PROVIDED DATA —
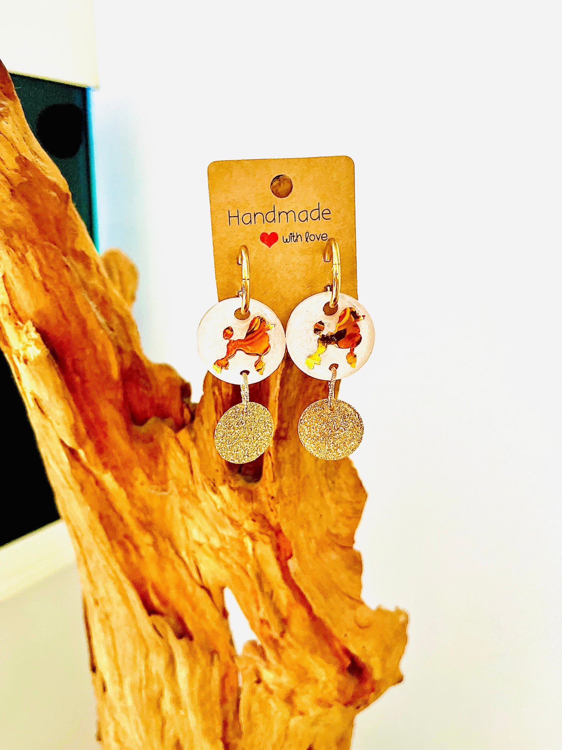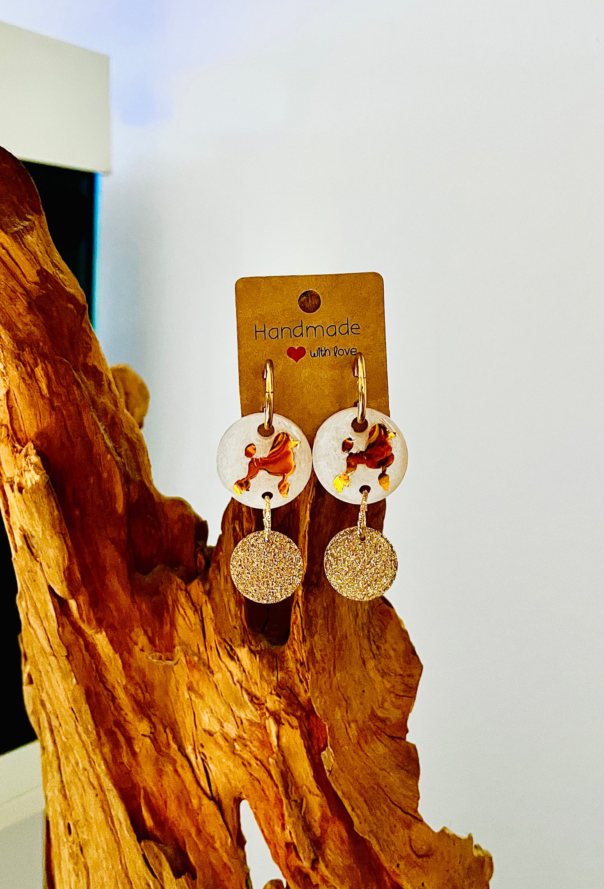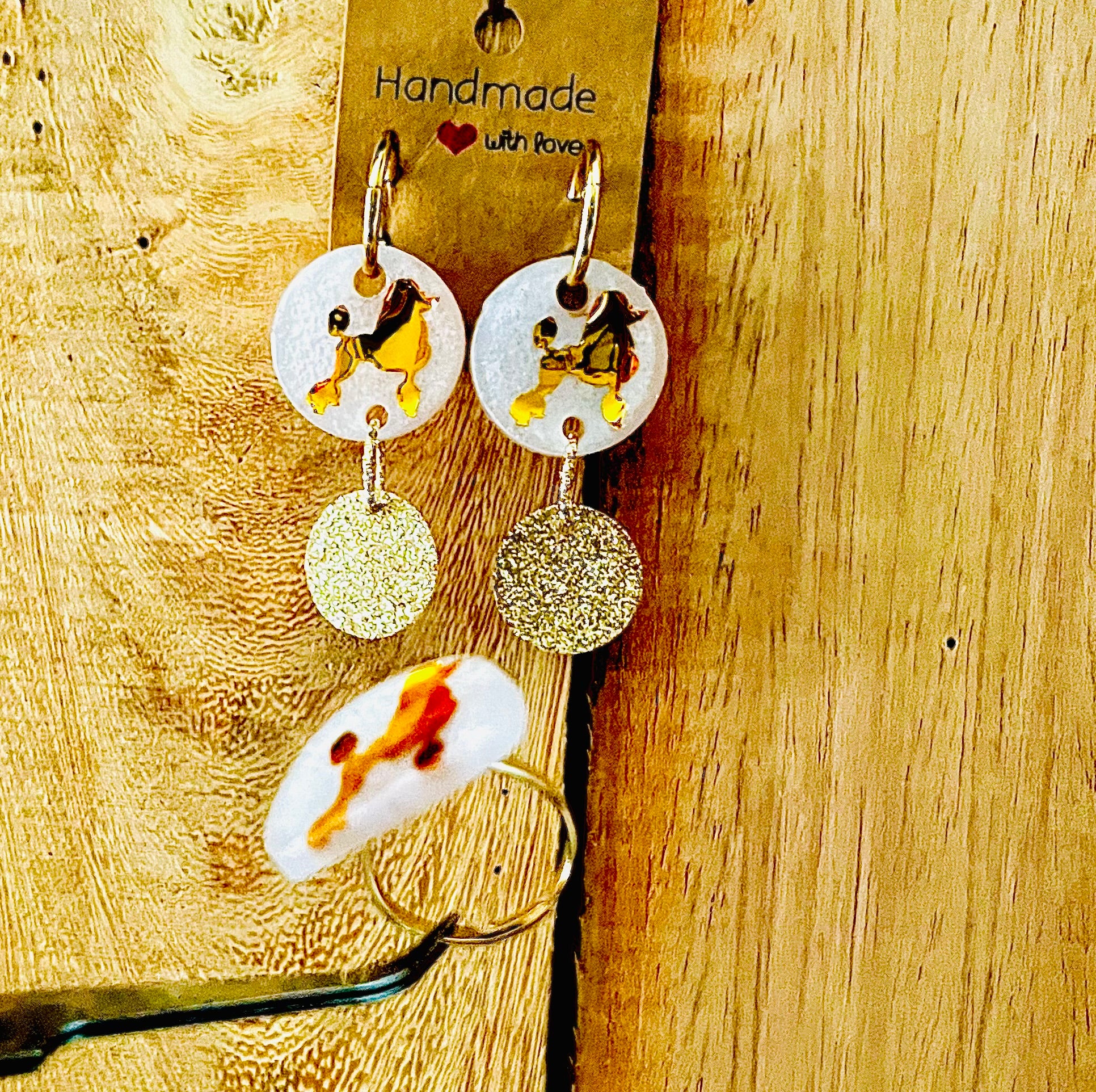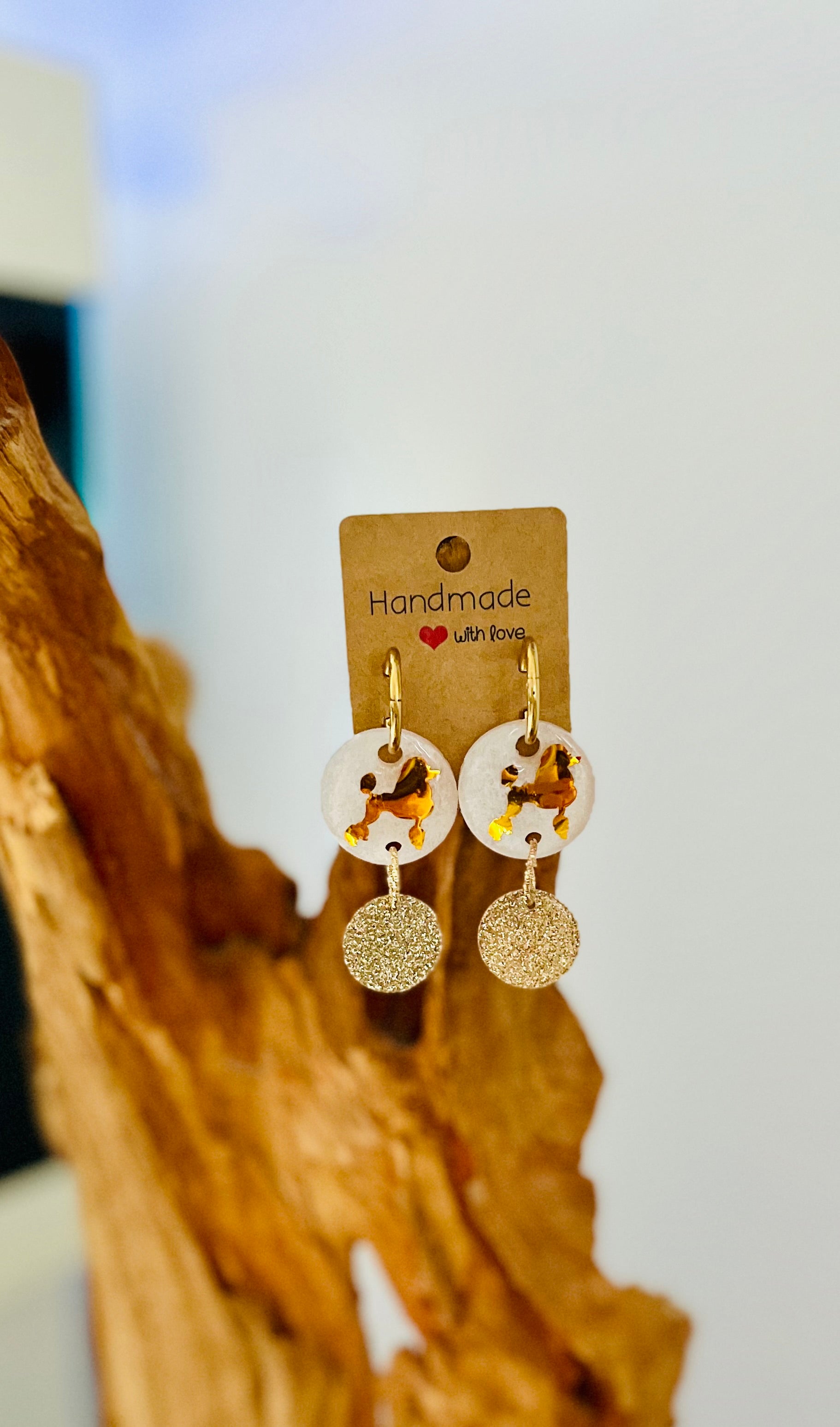 Boucle d’oreilles Créole blanc nacré et caniche doré accompagné d’une breloque dorée à paillettes
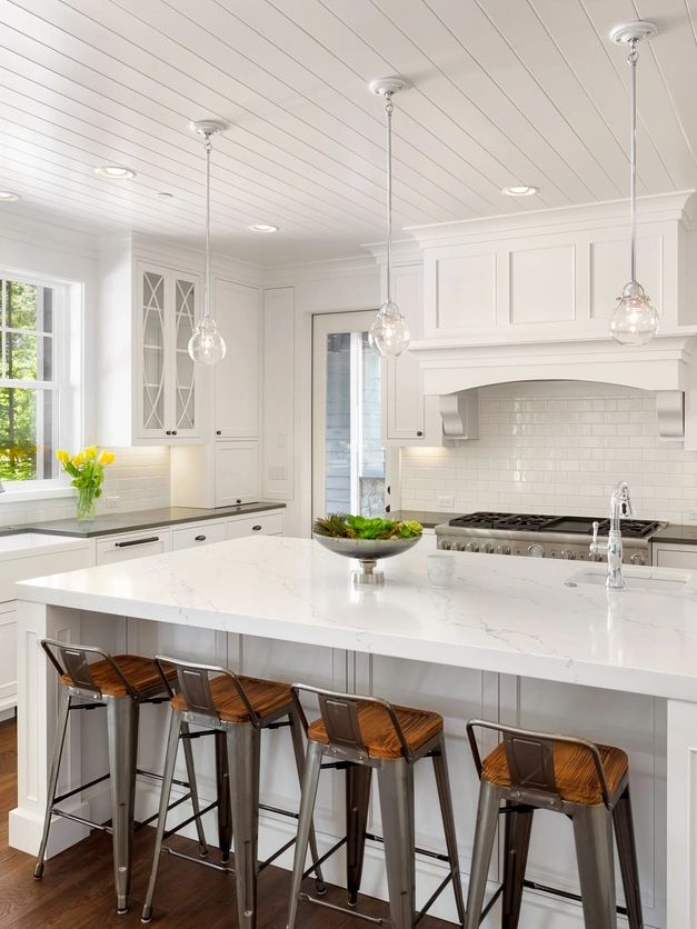 Cabinets refinished in ML Campbell Turino Conversion Varnish in Hale Navy and Chantilly Lace.
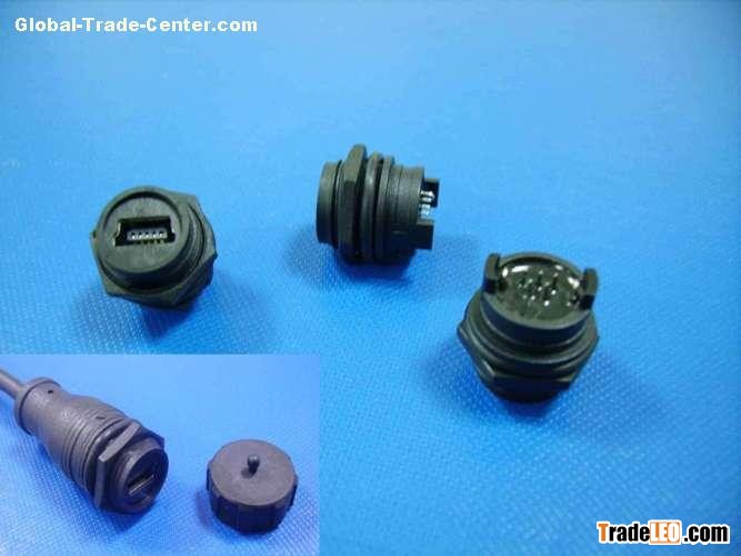 MINI USB 5 PIN FEMALE WATERPROOF CONNECTOR, MOLDING TYPE.
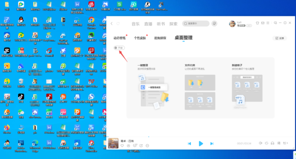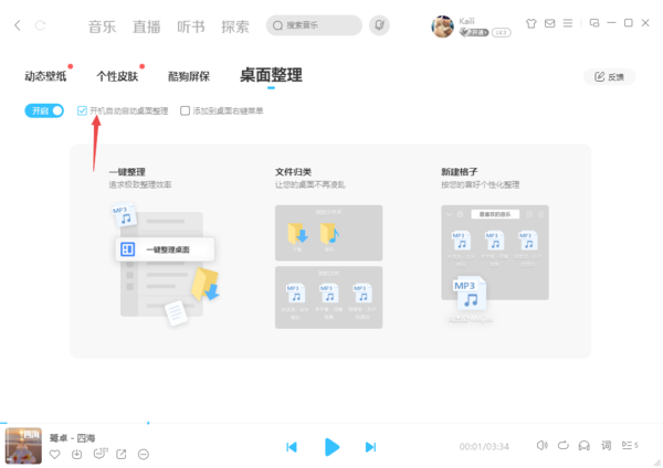 还是根据上述的步骤方法,进入到酷狗音乐的桌面整理界面中,在开启了它的桌面整理功能后,大家在开关的右侧可以看到一个【开机自动启动桌面整理】的功能,将此功能进行勾选,即可实现酷狗音乐开机自动整理电脑桌面图标的需求了。
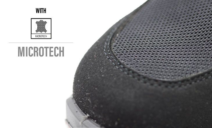 MICROTECH ei ole vain vedenkestävä – se on myös hengittävä, hankausta kestävä ja naarmuuntumaton, mikä tekee kengästä yhtä aikaa kevyen ja kestävän.

WHAT YOU SHOULD DO — From the line containing "MINI USB 5 PIN" through the last line of the entries, copy each line exactly and only those, skipping all pictures.

RESPONSE BELOW —
 MINI USB 5 PIN FEMALE WATERPROOF CONNECTOR, MOLDING TYPE.
 还是根据上述的步骤方法,进入到酷狗音乐的桌面整理界面中,在开启了它的桌面整理功能后,大家在开关的右侧可以看到一个【开机自动启动桌面整理】的功能,将此功能进行勾选,即可实现酷狗音乐开机自动整理电脑桌面图标的需求了。
 MICROTECH ei ole vain vedenkestävä – se on myös hengittävä, hankausta kestävä ja naarmuuntumaton, mikä tekee kengästä yhtä aikaa kevyen ja kestävän.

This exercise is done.